◆ What to work on
Each line from the opening of the material through the line holding "后勤管理处讯 近日,中国教科" needs to be returned exactly, with the pictures left out.
━━━ Dataset extract ━━━
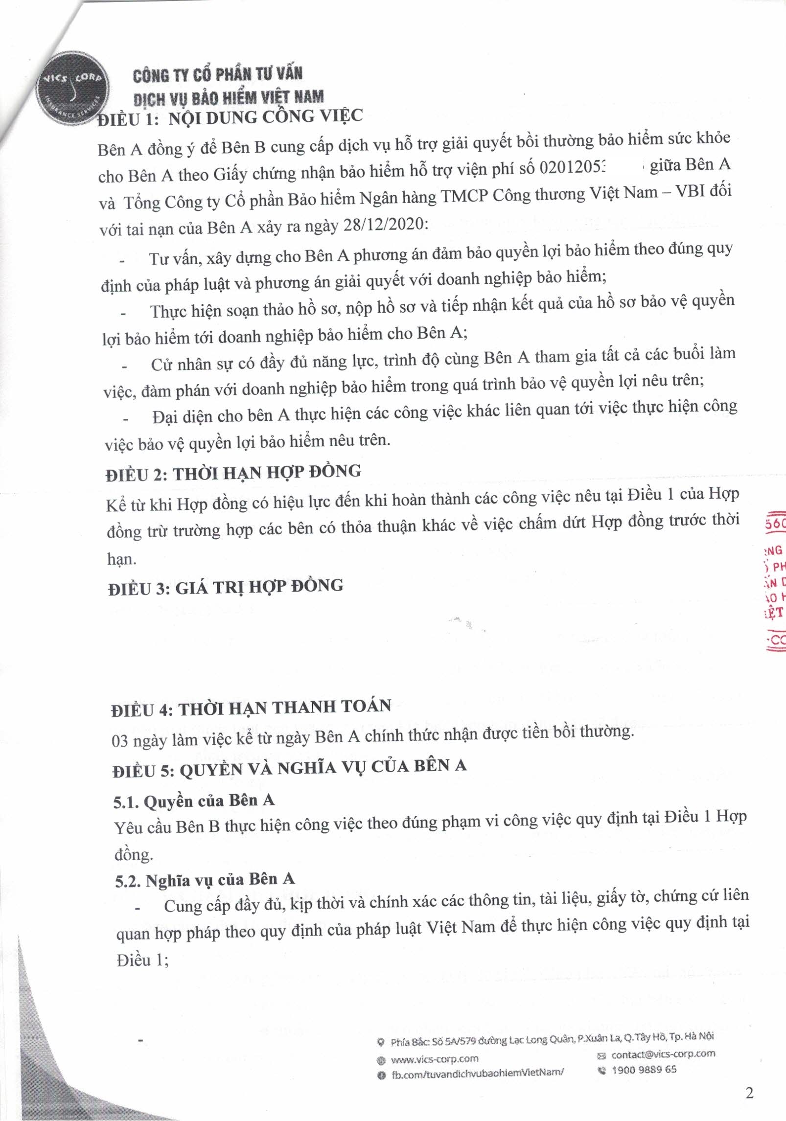 Hợp đồng dịch vụ hỗ trợ giải quyết bồi thường bảo hiểm sức khỏe
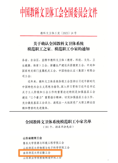 后勤管理处讯 近日,中国教科文卫体工会全国委员会发布了《关于确认全国教科文卫体系统模范职工之家、模范职工小家的通知》,米兰网后勤工会荣获“全国教科文卫体系统模范职工小家”荣誉称号。
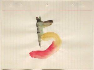 In the early 1980s, Tuttle embarked on an extensive series of suites of watercolors, The Loose Leaf Notebook Drawings. Each sheet consisting of a few strokes on low-grade loose leaf paper. The paints bleed and pooled, causing the paper to buckle, giving the works three-dimensionality.[11] The illustration from the suite 5 Loose Leaf Notebook Drawings from 1980 to 1982, in the collection of the Honolulu Museum of Art, demonstrates how the suites challenge viewers to contemplate the distinction between fine art and trash. His works in the 1990s consisted mostly of smaller-sized work, followed by bodies of low-relief wall-bound pieces that integrate painting, sculpture, and drawing.[8]
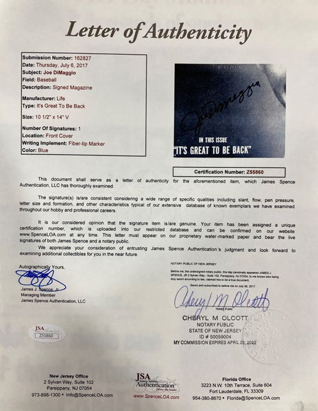 Featured is a Joe DiMaggio signed 1949 LIFE magazine. This magazine has been hand signed by DiMaggio and comes with the JSA hologram and letter of authenticity. This magazine would make a great addition to any sports memorabilia collection! SPECIFICATIONS Autographed By: Joe DiMaggio Team: New York Yankees Sport: Golf-PGA Authentication: James Spence Authentication (JSA)
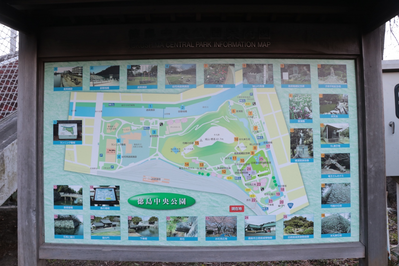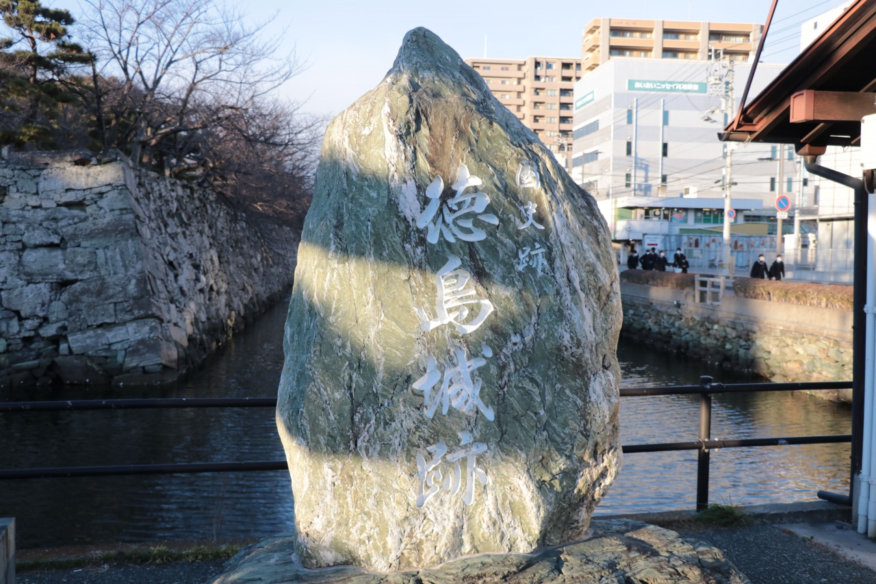 徳島駅から歩いて5分ちょっとの場所にある公園で、乗換時の時間つぶしも兼ねて歩いて訪問しました。徳島城の跡地をメインに博物館や庭園などが整備されています。平日だったせいか観光客の姿はほとんどなく、下校途中の学生さんや地域住民の散歩コースになっているようでした。
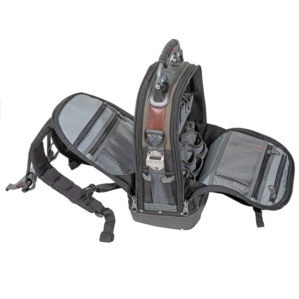 Extreem robuuste gereedschapsrugzak van scheurvast, waterafstotend nylonweefsel met waterdichte kunststof bodem. De rugzak biedt veel opbergruimte en veel binnen- en buitenvakken. Stevige ogen met riemen...
━━━
◆ Answer area
 Hợp đồng dịch vụ hỗ trợ giải quyết bồi thường bảo hiểm sức khỏe
 后勤管理处讯 近日,中国教科文卫体工会全国委员会发布了《关于确认全国教科文卫体系统模范职工之家、模范职工小家的通知》,米兰网后勤工会荣获“全国教科文卫体系统模范职工小家”荣誉称号。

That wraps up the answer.